[Data records]
┏━━
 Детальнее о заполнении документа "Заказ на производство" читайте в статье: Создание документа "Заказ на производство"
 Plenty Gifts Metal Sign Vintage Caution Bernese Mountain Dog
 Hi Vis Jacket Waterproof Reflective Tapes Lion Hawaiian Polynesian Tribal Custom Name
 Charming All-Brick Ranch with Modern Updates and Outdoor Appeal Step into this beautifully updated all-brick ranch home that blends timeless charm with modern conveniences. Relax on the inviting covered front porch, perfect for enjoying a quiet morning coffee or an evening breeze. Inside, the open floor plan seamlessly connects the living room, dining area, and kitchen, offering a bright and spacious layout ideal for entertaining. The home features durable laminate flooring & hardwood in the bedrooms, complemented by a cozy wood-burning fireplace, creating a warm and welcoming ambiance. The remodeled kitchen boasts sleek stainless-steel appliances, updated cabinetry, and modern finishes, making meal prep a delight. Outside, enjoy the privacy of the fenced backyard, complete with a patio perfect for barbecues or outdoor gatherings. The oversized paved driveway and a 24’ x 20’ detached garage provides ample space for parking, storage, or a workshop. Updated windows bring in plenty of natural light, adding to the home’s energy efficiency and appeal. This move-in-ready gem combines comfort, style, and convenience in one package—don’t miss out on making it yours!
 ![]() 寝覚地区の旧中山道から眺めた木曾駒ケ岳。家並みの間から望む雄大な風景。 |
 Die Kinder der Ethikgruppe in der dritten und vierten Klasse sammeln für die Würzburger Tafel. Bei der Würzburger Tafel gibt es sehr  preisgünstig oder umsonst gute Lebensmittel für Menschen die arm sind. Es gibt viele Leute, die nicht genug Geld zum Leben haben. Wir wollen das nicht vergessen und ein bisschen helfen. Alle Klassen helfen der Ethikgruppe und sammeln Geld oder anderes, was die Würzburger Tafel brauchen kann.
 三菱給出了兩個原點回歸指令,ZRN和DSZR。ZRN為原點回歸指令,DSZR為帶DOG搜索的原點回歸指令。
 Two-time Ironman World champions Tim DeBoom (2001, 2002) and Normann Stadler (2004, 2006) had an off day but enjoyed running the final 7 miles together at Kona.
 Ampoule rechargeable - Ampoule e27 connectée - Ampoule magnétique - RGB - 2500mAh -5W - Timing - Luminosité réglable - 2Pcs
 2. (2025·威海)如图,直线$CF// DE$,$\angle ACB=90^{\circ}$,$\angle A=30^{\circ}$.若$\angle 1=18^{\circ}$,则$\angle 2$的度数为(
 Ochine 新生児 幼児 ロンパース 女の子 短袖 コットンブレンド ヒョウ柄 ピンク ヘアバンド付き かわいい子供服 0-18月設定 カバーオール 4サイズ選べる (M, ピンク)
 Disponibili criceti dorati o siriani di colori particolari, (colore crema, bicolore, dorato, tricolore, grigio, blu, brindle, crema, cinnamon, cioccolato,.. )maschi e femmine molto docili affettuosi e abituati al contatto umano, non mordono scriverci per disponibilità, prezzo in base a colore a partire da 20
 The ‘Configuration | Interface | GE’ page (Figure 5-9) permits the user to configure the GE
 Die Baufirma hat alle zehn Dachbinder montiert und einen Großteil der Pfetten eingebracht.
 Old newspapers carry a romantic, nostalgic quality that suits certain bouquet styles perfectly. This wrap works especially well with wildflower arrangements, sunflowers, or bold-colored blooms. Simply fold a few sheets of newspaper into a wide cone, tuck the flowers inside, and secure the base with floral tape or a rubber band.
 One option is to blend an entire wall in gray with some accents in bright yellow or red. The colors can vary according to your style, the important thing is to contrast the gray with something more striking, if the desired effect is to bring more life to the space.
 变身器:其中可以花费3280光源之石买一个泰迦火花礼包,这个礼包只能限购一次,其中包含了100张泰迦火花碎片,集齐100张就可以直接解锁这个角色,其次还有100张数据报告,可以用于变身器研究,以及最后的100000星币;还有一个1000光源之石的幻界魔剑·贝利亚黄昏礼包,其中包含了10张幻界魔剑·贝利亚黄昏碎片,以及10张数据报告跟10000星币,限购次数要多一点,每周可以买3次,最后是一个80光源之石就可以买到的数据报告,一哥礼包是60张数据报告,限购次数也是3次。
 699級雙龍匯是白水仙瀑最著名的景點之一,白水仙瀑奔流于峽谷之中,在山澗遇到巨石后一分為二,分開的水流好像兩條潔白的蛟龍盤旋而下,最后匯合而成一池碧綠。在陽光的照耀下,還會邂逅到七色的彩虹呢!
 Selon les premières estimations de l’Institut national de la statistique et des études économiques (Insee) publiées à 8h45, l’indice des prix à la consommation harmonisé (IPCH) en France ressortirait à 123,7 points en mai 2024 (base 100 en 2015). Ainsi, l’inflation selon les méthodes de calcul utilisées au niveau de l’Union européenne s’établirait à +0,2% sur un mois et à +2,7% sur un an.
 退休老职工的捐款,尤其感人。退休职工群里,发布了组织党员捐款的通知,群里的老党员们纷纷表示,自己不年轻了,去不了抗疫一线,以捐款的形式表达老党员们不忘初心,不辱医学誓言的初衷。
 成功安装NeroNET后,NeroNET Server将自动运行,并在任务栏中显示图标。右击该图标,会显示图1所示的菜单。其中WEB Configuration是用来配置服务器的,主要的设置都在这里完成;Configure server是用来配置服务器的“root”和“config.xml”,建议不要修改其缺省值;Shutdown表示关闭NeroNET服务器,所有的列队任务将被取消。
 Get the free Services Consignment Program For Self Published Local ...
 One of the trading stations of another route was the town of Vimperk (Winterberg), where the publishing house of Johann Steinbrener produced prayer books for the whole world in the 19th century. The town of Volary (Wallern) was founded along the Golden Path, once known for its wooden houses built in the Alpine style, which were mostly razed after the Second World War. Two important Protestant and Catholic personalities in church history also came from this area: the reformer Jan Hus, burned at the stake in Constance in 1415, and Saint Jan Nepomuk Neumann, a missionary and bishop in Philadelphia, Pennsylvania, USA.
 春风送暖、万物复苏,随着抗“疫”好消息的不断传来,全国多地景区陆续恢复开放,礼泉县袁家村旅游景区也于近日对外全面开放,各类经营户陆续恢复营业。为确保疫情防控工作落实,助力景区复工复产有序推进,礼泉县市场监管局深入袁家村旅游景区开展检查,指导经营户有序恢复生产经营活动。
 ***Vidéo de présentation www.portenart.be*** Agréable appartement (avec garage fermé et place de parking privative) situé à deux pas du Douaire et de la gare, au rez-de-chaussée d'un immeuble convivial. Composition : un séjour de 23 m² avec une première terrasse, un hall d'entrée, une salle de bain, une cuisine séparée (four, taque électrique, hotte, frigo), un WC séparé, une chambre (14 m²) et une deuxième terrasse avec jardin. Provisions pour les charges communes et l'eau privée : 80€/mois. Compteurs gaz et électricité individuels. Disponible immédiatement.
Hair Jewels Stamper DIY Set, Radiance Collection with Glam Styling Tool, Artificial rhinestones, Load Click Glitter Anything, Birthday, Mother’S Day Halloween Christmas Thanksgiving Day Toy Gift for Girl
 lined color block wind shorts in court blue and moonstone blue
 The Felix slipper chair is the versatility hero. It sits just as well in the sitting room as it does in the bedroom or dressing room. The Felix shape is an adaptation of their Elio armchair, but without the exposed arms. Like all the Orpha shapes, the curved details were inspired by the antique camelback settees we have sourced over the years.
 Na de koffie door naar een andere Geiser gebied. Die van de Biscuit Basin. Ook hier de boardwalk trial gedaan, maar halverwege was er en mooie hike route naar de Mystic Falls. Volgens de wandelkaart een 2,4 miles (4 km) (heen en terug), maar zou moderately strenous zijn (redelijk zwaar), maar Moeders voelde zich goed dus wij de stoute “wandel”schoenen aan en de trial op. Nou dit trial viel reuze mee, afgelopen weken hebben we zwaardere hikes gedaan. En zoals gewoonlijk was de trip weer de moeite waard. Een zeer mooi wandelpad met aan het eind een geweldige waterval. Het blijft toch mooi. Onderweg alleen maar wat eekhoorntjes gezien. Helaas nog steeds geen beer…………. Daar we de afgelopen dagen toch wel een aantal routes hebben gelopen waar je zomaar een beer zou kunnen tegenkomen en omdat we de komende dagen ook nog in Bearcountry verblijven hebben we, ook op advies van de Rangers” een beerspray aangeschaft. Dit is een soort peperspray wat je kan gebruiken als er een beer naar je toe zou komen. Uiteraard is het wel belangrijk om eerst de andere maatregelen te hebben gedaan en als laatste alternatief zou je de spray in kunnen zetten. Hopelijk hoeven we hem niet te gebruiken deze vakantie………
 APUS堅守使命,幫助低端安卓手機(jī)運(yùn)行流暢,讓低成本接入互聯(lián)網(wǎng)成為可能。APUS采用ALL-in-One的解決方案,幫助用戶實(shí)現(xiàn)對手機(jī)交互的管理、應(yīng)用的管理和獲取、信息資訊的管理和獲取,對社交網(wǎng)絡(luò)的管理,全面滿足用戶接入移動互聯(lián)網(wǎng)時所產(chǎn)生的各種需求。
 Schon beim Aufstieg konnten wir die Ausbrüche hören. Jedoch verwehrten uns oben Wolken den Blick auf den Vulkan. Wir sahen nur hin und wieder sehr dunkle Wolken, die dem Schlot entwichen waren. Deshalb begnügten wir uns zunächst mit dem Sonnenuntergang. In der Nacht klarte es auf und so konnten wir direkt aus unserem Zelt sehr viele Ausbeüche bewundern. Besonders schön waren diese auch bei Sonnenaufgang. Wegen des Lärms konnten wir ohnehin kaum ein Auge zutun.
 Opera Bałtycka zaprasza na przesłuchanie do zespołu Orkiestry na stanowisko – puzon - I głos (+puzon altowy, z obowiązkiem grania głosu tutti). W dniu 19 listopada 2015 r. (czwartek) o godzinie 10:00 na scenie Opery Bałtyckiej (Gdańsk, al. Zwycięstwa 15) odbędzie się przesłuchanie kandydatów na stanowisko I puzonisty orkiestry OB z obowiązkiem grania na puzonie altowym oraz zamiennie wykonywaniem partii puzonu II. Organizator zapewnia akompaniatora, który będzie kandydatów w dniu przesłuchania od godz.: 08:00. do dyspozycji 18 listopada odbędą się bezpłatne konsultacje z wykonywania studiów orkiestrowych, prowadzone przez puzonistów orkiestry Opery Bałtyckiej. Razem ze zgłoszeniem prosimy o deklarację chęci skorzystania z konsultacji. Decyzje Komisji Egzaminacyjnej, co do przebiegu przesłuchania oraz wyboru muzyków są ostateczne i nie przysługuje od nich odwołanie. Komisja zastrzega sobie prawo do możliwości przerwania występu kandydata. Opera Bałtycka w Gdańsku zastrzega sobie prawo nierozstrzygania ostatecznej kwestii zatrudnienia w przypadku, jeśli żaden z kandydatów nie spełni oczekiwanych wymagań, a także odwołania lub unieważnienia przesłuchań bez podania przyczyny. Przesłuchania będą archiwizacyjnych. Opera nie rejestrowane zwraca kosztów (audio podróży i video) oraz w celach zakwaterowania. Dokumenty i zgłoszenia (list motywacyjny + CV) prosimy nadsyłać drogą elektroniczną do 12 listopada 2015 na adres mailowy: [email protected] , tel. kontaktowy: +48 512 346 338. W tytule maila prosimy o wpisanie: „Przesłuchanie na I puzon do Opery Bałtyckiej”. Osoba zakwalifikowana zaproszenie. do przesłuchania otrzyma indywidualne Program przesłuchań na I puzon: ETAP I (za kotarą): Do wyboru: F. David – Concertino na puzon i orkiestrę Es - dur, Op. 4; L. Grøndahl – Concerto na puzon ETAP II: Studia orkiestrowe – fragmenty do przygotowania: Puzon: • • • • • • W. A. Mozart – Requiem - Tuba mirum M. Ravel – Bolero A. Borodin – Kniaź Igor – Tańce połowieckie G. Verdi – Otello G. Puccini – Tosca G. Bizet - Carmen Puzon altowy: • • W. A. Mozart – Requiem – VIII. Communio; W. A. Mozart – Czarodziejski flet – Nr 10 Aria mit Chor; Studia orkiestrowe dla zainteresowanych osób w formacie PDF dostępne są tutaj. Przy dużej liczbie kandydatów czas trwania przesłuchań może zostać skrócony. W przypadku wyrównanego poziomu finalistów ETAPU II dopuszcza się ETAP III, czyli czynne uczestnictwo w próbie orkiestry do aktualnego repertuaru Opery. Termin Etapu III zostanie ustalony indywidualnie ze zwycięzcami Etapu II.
┗━━
#### [TASK STATEMENT]
Take the line above containing "individuels. Disponible immédiatement.", the line containing "lined color block", and all lines in between, and copy them exactly without anything else.

#### [TASK SOLUTION]
 ***Vidéo de présentation www.portenart.be*** Agréable appartement (avec garage fermé et place de parking privative) situé à deux pas du Douaire et de la gare, au rez-de-chaussée d'un immeuble convivial. Composition : un séjour de 23 m² avec une première terrasse, un hall d'entrée, une salle de bain, une cuisine séparée (four, taque électrique, hotte, frigo), un WC séparé, une chambre (14 m²) et une deuxième terrasse avec jardin. Provisions pour les charges communes et l'eau privée : 80€/mois. Compteurs gaz et électricité individuels. Disponible immédiatement.
Hair Jewels Stamper DIY Set, Radiance Collection with Glam Styling Tool, Artificial rhinestones, Load Click Glitter Anything, Birthday, Mother’S Day Halloween Christmas Thanksgiving Day Toy Gift for Girl
 lined color block wind shorts in court blue and moonstone blue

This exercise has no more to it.